▶ [What is being asked]: Since pictures are not wanted, repeat only the text of the records, word for word.

##############################

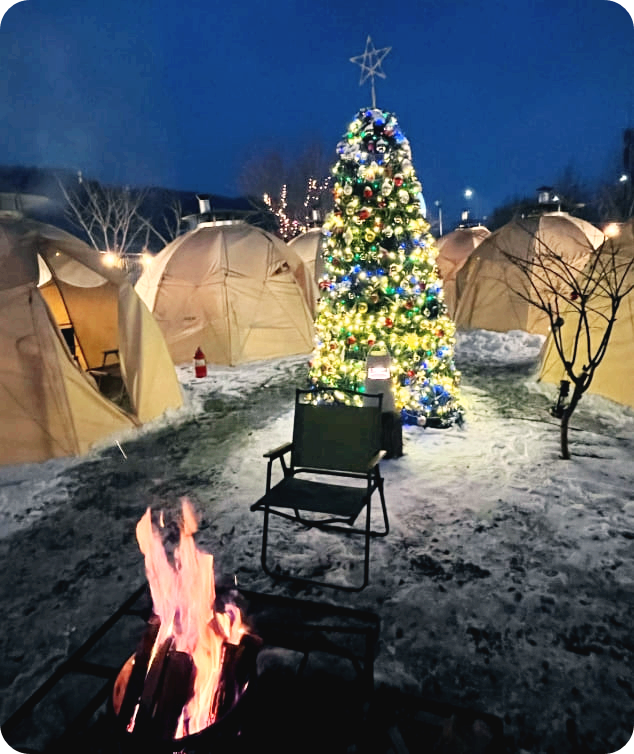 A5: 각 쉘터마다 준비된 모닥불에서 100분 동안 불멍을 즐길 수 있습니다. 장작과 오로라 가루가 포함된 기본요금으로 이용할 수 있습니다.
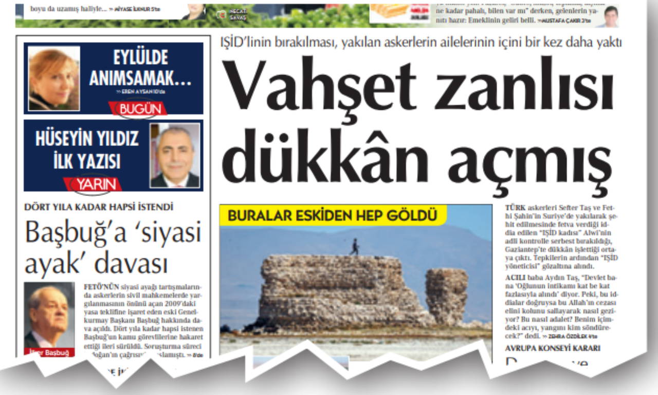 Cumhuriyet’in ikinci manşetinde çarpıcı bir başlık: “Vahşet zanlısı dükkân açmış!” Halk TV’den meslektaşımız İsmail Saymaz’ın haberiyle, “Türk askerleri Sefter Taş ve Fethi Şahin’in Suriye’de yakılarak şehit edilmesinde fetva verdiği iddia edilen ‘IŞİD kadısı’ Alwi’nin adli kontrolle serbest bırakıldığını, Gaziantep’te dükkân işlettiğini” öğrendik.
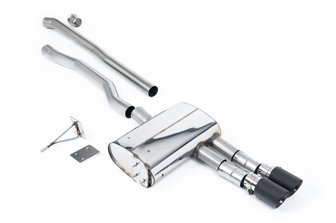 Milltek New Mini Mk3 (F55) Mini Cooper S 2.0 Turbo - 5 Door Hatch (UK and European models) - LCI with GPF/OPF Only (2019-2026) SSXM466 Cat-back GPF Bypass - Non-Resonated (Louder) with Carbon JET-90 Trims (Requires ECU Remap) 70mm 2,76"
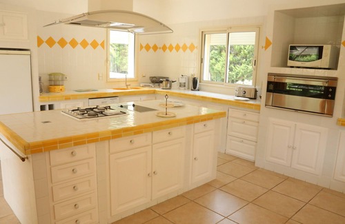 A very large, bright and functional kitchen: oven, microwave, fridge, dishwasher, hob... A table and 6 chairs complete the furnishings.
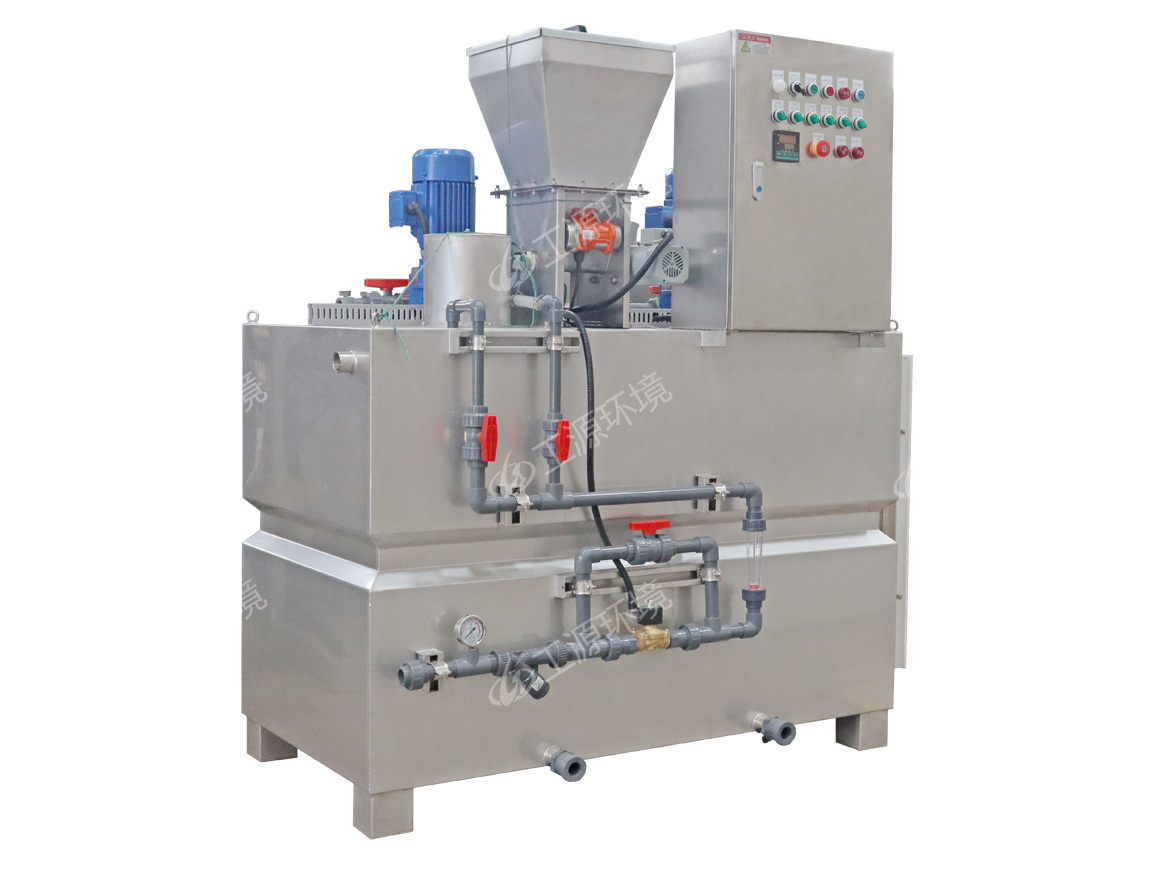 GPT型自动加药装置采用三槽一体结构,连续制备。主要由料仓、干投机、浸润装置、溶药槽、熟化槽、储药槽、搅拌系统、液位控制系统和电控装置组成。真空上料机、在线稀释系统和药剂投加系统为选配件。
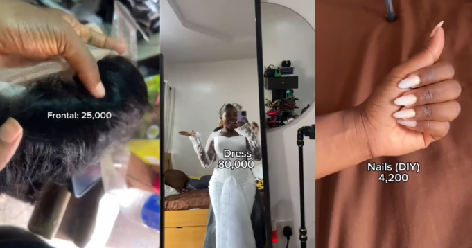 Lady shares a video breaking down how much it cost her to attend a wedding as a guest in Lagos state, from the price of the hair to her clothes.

##############################

▶ [Result for this task]:
 A5: 각 쉘터마다 준비된 모닥불에서 100분 동안 불멍을 즐길 수 있습니다. 장작과 오로라 가루가 포함된 기본요금으로 이용할 수 있습니다.
 Cumhuriyet’in ikinci manşetinde çarpıcı bir başlık: “Vahşet zanlısı dükkân açmış!” Halk TV’den meslektaşımız İsmail Saymaz’ın haberiyle, “Türk askerleri Sefter Taş ve Fethi Şahin’in Suriye’de yakılarak şehit edilmesinde fetva verdiği iddia edilen ‘IŞİD kadısı’ Alwi’nin adli kontrolle serbest bırakıldığını, Gaziantep’te dükkân işlettiğini” öğrendik.
 Milltek New Mini Mk3 (F55) Mini Cooper S 2.0 Turbo - 5 Door Hatch (UK and European models) - LCI with GPF/OPF Only (2019-2026) SSXM466 Cat-back GPF Bypass - Non-Resonated (Louder) with Carbon JET-90 Trims (Requires ECU Remap) 70mm 2,76"
 A very large, bright and functional kitchen: oven, microwave, fridge, dishwasher, hob... A table and 6 chairs complete the furnishings.
 GPT型自动加药装置采用三槽一体结构,连续制备。主要由料仓、干投机、浸润装置、溶药槽、熟化槽、储药槽、搅拌系统、液位控制系统和电控装置组成。真空上料机、在线稀释系统和药剂投加系统为选配件。
 Lady shares a video breaking down how much it cost her to attend a wedding as a guest in Lagos state, from the price of the hair to her clothes.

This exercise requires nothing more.